Berbicara terorisme dan ekstrimisme adalah hal yang sangat klise dibeberapa kalangan tertentu karena seakan tidak penting dalam kehidupan berbangsa dan bernegara, sedangkan esktremisme berhaluan kiri sudah biasa diproses hukum sebagai delik terorisme karena pada intinya keduanya sama. Namun, disadari atau tidak hal ini dapat menghambat laju gerak perkembangan bangsa Indonesia dari berbagai sektor secara universal, penegak hukum harusnya menjauhkan persepsi bahwa terorisme identik dengan agama.
Dalam pengganti UUD No 1 Tahun 2002 tentang Pemberantasan Tindak Pidana Terorisme, Pasal 22 Ayat 1 UUD 1945 telah ditetapkan pada BAB I Pasal 2 bahwa pemberantasan tindak pidana terorisme dalam Peraturan Pemerintah Pengganti Undang-undang ini merupakan kebijakan dan langkah-langkah strategis untuk memperkuat ketertiban masyarakat, dan keselamatan masyarakat dengan tetap menjunjung tinggi hukum dan hak asasi manusia, tidak bersifat diskriminatif, baik berdasarkan suku, agama, ras, maupun antargolongan.

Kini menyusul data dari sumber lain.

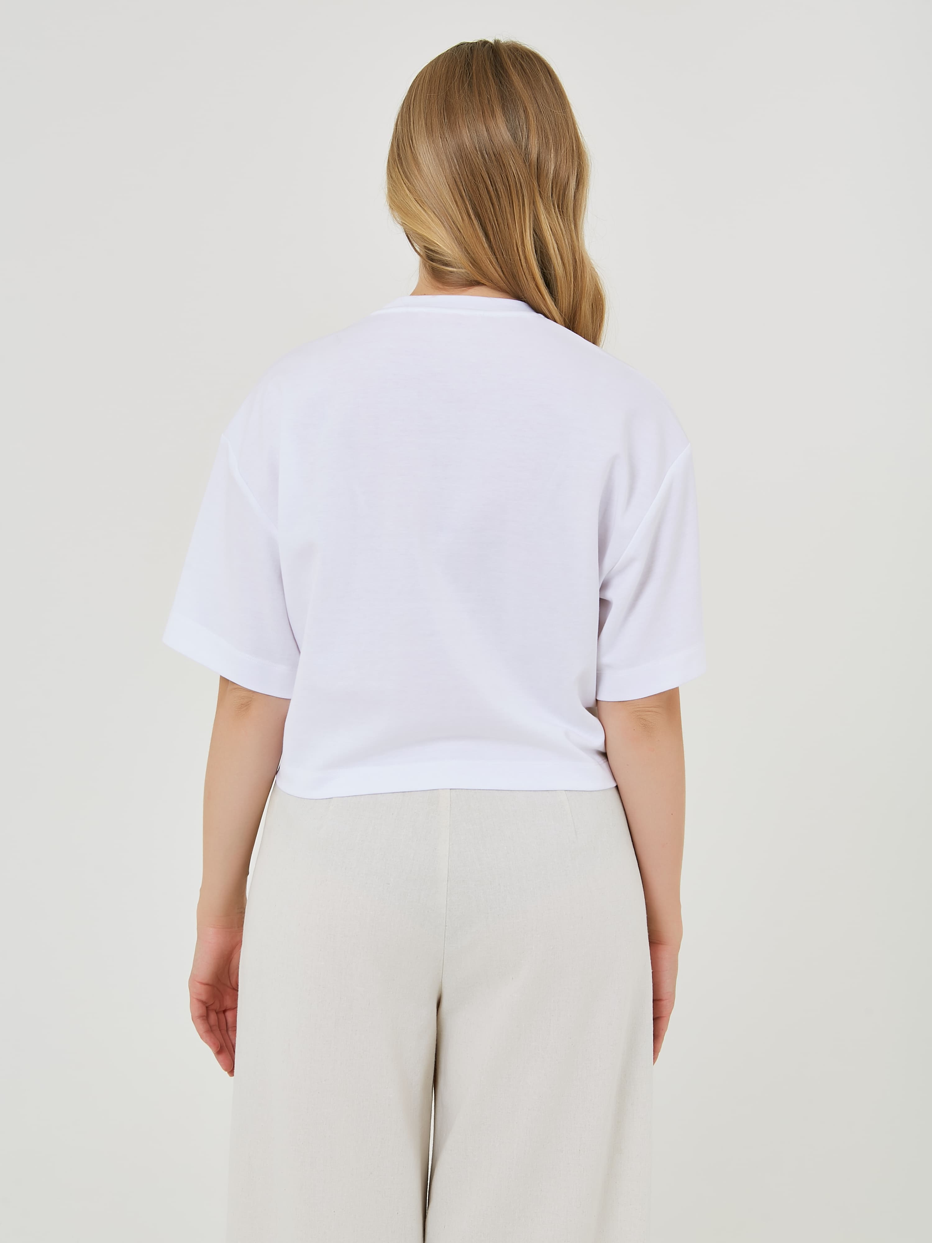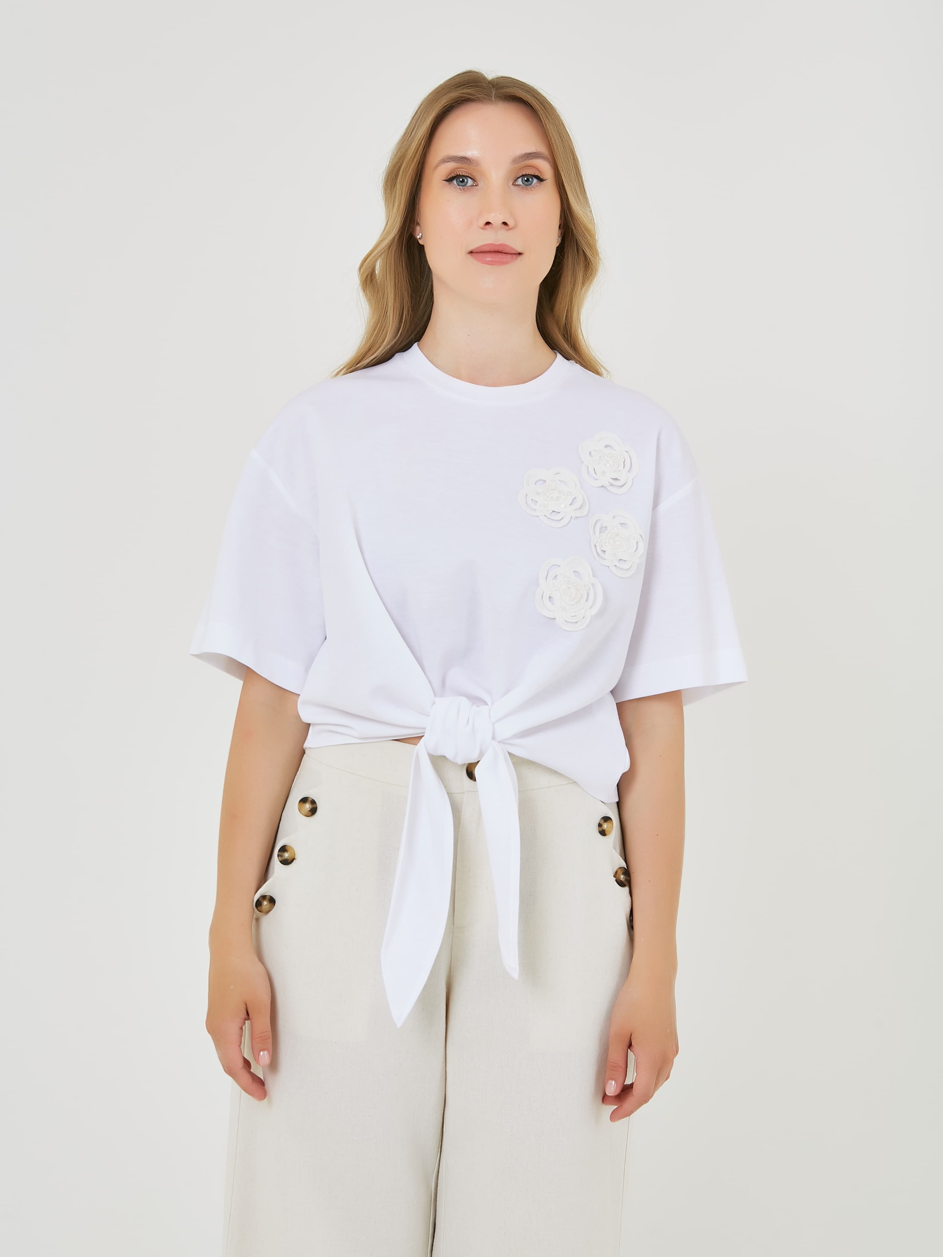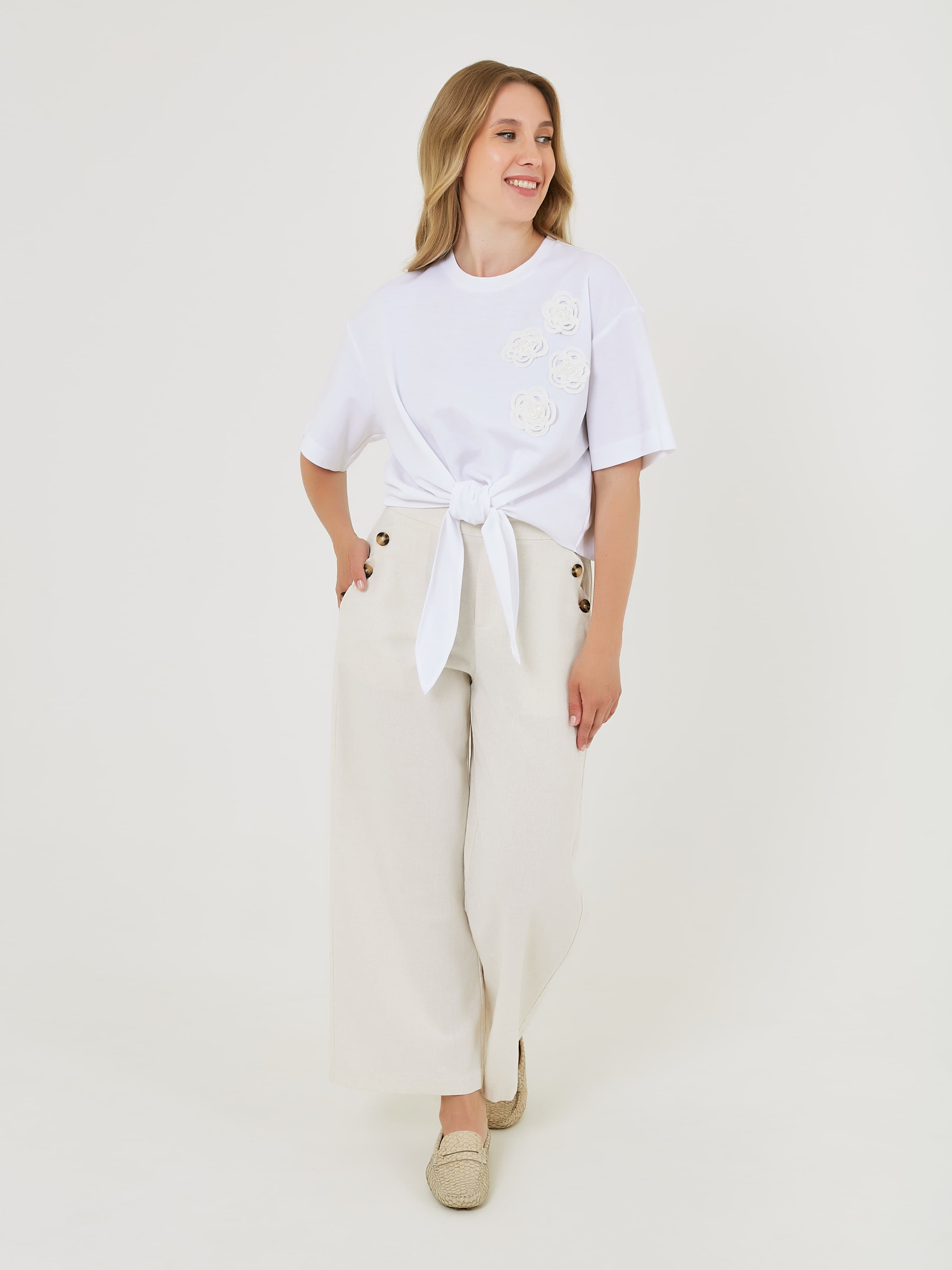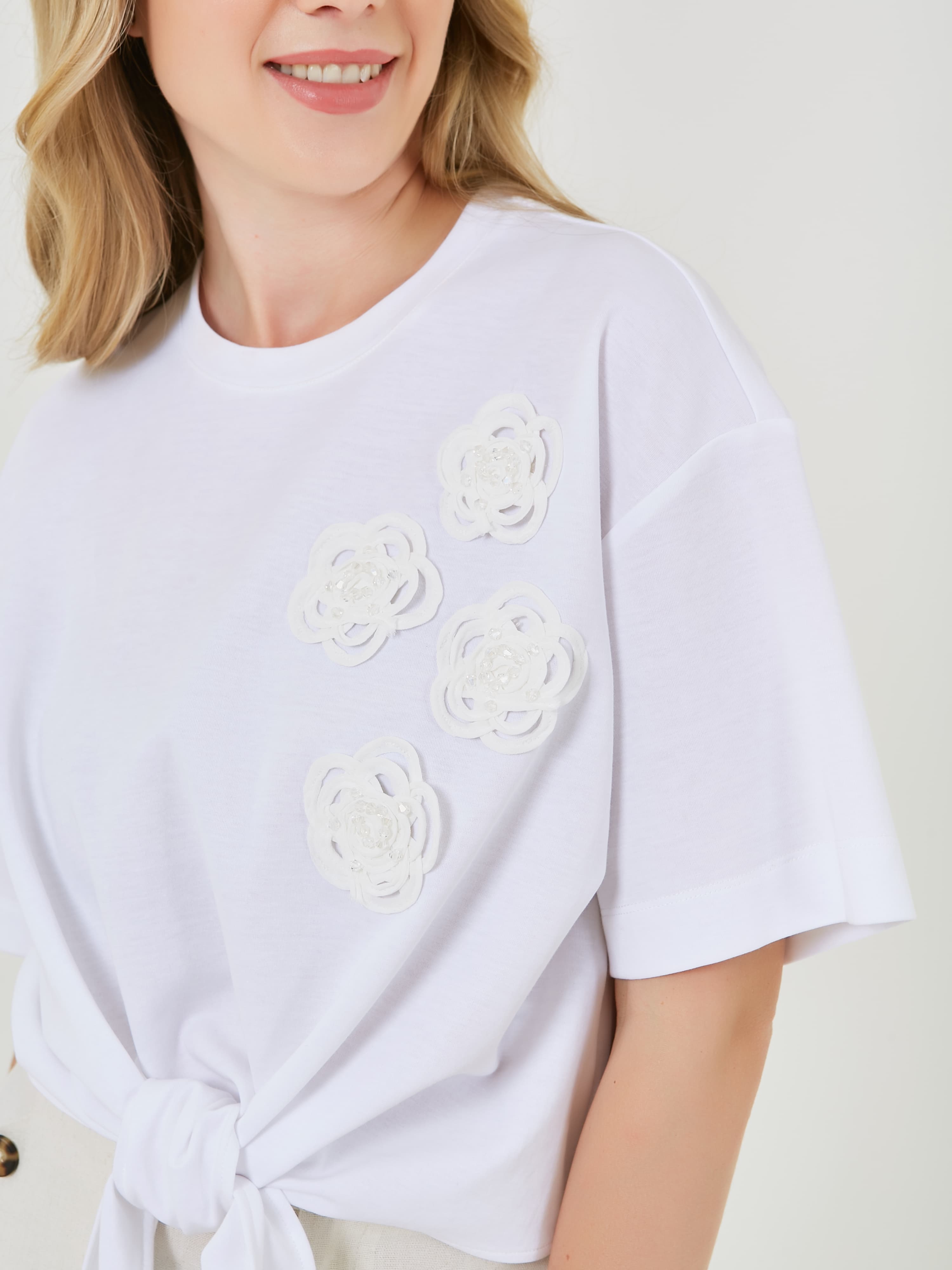 Белая футболка с завязкой на талии и декоративными цветочными аппликациями. Футболка имеет короткий рукав и круглый вырез горловины. Весна-Лето 2025. Капсула "Рио де Жанейро". Параметры модели: 89-70-92, рост 167, размер 44-46

Pada BAB III Pasal 3 peraturan pemerintah pengganti tentang ruang lingkup berlakunya berbunyi, Peraturan Pemerintah Pengganti Undang-undang ini berlaku terhadap setiap orang yang melakukan atau bermaksud melakukan tindak pidana terorisme di wilayah negara Republik Indonesia dan/atau negara lain juga mempunyai yurisdiksi dan menyatakan maksudnya untuk melakukan penuntutan terhadap pelaku tersebut.
Ketika mendengar kata terorisme yang terlintas dalam pikiran adalah orang yang menjadi bagian dari agama islam, akan tetapi kelompok seperti ini tidak bisa kemudian menjustifikasi pada satu pihak atau satu kelompok. Kemungkinan terbesarnya kelompok separatisme ini lahir dari kelompok anarko yang kemudian menjadikan agama islam sebagai kendaraan untuk melakukan aksinya. Dari beberapa analisa akademik menyimpulkan bahwa kelompok terorisme (separatisme dan anarko) bukan bagian dogma agama apapun melainkan sebuah ideologi.
Gerakan Separatisme dikenal sebagai gerakan yang melenceng dari UUD, sebab separatisme seringkali memicu tindakan provokatif dan makar. Analisa kami terkait separatisme adalah gerakan yang lebih frontal dari pada kelompok lain, dan proses rekrutmen kelompok separatisme tidak harus bersyaratkan terhadap agama islam, melainkan cukup dengan pencucian otak kepada siapapun yang dianggap mudah dipengaruhi dan bisa dikontrol guna mencapai tujuan gerakan separatisme tersebut.